> INFORMATION SUPPLIED:
________________________

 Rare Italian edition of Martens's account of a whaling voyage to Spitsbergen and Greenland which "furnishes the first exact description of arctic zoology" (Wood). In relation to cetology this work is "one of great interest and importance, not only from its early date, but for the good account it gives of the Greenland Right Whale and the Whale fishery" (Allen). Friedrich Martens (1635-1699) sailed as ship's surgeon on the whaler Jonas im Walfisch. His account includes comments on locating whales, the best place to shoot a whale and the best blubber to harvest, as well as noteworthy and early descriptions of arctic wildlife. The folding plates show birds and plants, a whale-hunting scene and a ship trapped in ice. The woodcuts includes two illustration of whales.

________________________

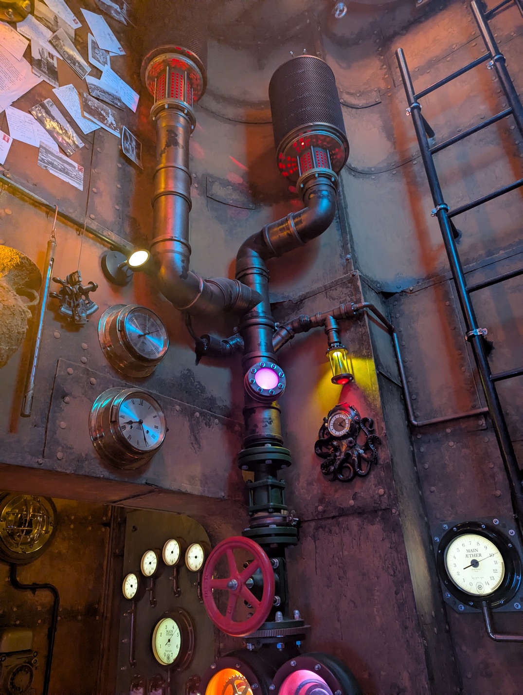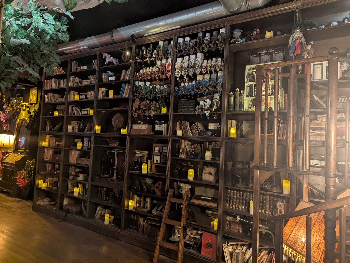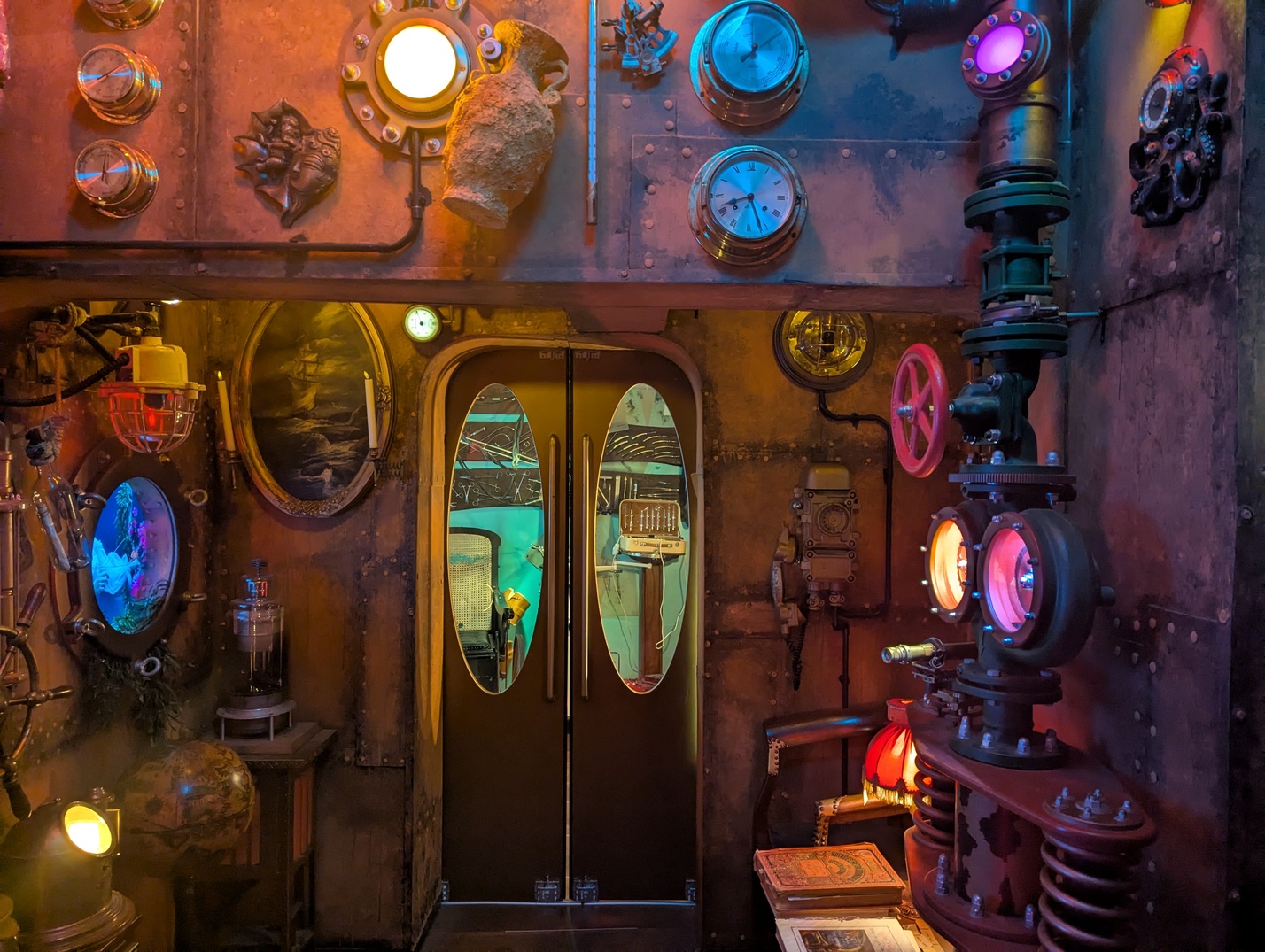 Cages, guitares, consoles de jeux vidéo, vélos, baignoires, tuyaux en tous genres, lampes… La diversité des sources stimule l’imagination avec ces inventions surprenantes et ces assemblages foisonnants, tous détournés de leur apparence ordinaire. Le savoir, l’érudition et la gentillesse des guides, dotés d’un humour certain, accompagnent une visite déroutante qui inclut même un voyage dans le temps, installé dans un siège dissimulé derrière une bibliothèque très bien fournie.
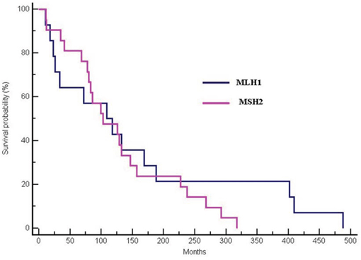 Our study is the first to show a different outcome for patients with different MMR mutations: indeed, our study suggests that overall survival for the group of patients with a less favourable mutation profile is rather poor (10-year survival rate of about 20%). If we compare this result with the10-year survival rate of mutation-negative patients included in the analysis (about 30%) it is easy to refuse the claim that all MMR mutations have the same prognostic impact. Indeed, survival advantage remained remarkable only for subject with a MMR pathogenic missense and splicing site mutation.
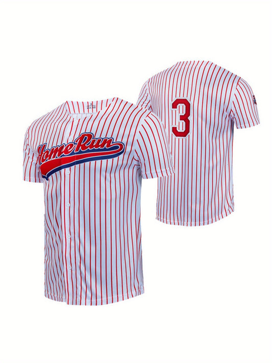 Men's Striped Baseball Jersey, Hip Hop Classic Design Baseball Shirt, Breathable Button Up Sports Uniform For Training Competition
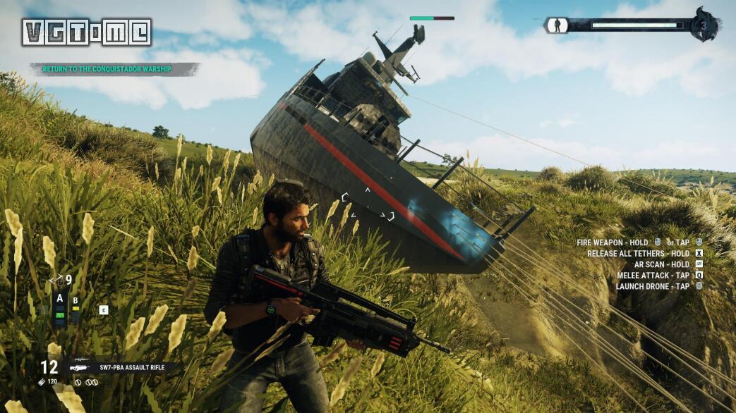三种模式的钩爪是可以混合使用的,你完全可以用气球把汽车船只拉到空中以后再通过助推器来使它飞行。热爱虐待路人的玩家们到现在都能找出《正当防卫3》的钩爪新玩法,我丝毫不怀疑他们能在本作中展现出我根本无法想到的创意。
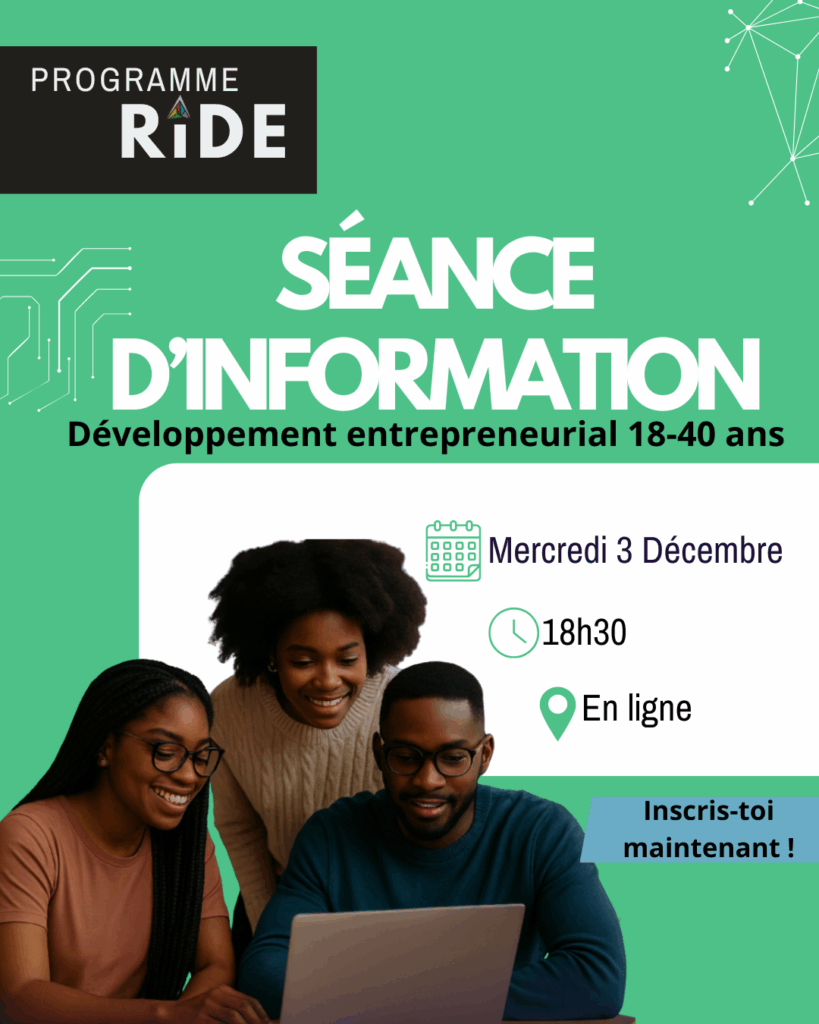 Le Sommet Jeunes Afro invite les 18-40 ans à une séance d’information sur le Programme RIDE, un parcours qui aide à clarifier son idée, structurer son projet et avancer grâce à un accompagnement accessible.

________________________

Start at the line above containing "Men's Striped Baseball" and stop at the line containing "Le Sommet Jeunes": print those lines and everything between them exactly, but not the pictures.

> ANSWER TO THIS EXERCISE:
 Men's Striped Baseball Jersey, Hip Hop Classic Design Baseball Shirt, Breathable Button Up Sports Uniform For Training Competition
三种模式的钩爪是可以混合使用的,你完全可以用气球把汽车船只拉到空中以后再通过助推器来使它飞行。热爱虐待路人的玩家们到现在都能找出《正当防卫3》的钩爪新玩法,我丝毫不怀疑他们能在本作中展现出我根本无法想到的创意。
 Le Sommet Jeunes Afro invite les 18-40 ans à une séance d’information sur le Programme RIDE, un parcours qui aide à clarifier son idée, structurer son projet et avancer grâce à un accompagnement accessible.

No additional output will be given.